Description Extracts from Alfred Jacob Miller’s original text, which accompanied his images of Native Americans, are included below for reference. "The point of view is from Monsr Proveau's Tent,- and the time near sunset. The men have been quietly preparing their evening meals. Mo'sieur P. adipose & rotonde - 'larding the lean earth as he walks along,'- now raises both hands to his mouth and with stentorian lungs bawls out someithing like 'Attrapez des Chevaux'- the men immediately rise and run towards a cloud of dust from which the horses are seen emerging,- these are being driven in by the horse-guards from their range, some 2 or 3 miles, and the men secure each their own by lariats trailing on the ground from their necks, extending some 15 feet,- thense they proceed to their pickets, where they are secured for the night, with sufficient range to permit their grazing until morning." A.J. Miller, extracted from "The West of Alfred Jacob Miller" (1837).
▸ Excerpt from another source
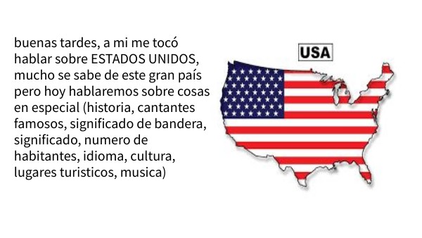 buenas tardes, a mi me tocó hablar sobre ESTADOS UNIDOS, mucho se sabe de este gran país pero hoy hablaremos sobre cosas en especial (historia, cantantes famosos, significado de bandera, significado, numero de habitantes, idioma, cultura, lugares turisticos, musica)
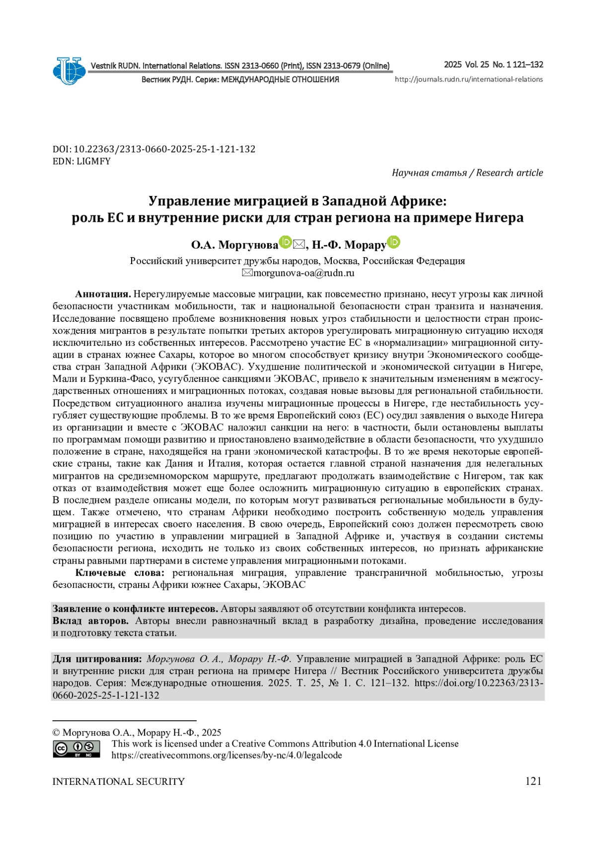 Нерегулируемые массовые миграции, как повсеместно признано, несут угрозы как личной безопасности участникам мобильности, так и национальной безопасности стран транзита и назначения. Исследование посвящено проблеме возникновения новых угроз стабильности и целостности стран происхождения мигрантов в результате попытки третьих акторов урегулировать миграционную ситуацию исходя исключительно из собственных интересов. Рассмотрено участие ЕС в «нормализации» миграционной ситуации в странах южнее Сахары, которое во многом способствует кризису внутри Экономического сообщества стран Западной Африки (ЭКОВАС). Ухудшение политической и экономической ситуации в Нигере, Мали и Буркина-Фасо, усугубленное санкциями ЭКОВАС, привело к значительным изменениям в межгосударственных отношениях и миграционных потоках, создавая новые вызовы для региональной стабильности. Посредством ситуационного анализа изучены миграционные процессы в Нигере, где нестабильность усугубляет существующие проблемы. В то же время Европейский союз (ЕС) осудил заявления о выходе Нигера из организации и вместе с ЭКОВАС наложил санкции на него: в частности, были остановлены выплаты по программам помощи развитию и приостановлено взаимодействие в области безопасности, что ухудшило положение в стране, находящейся на грани экономической катастрофы. В то же время некоторые европейские страны, такие как Дания и Италия, которая остается главной страной назначения для нелегальных мигрантов на средиземноморском маршруте, предлагают продолжать взаимодействие с Нигером, так как отказ от взаимодействия может еще более осложнить миграционную ситуацию в европейских странах. В последнем разделе описаны модели, по которым могут развиваться региональные мобильности в будущем. Также отмечено, что странам Африки необходимо построить собственную модель управления миграцией в интересах своего населения. В свою очередь, Европейский союз должен пересмотреть свою позицию по участию в управлении миграцией в Западной Африке и, участвуя в создании системы безопасности региона, исходить не только из своих собственных интересов, но признать африканские страны равными партнерами в системе управления миграционными потоками.

In July 1858 William T. Walters commissioned 200 watercolors at twelve dollars apiece from Baltimore born artist Alfred Jacob Miller. These paintings were each accompanied by a descriptive text, and were delivered in installments over the next twenty-one months and ultimately were bound in three albums. Transcriptions of field-sketches drawn during the 1837 expedition that Miller had undertaken to the annual fur-trader's rendezvous in the Green River Valley (in what is now western Wyoming), these watercolors are a unique record of the closing years of the western fur trade.
- Alfred Jacob Miller: Watercolors and Drawings. The Walters Art Gallery, Baltimore. 1984.
Provenance William T. Walters, Baltimore, 1858-1860, by commission; Henry Walters, Baltimore, 1894, by inheritance; Walters Art Museum, 1931, by bequest.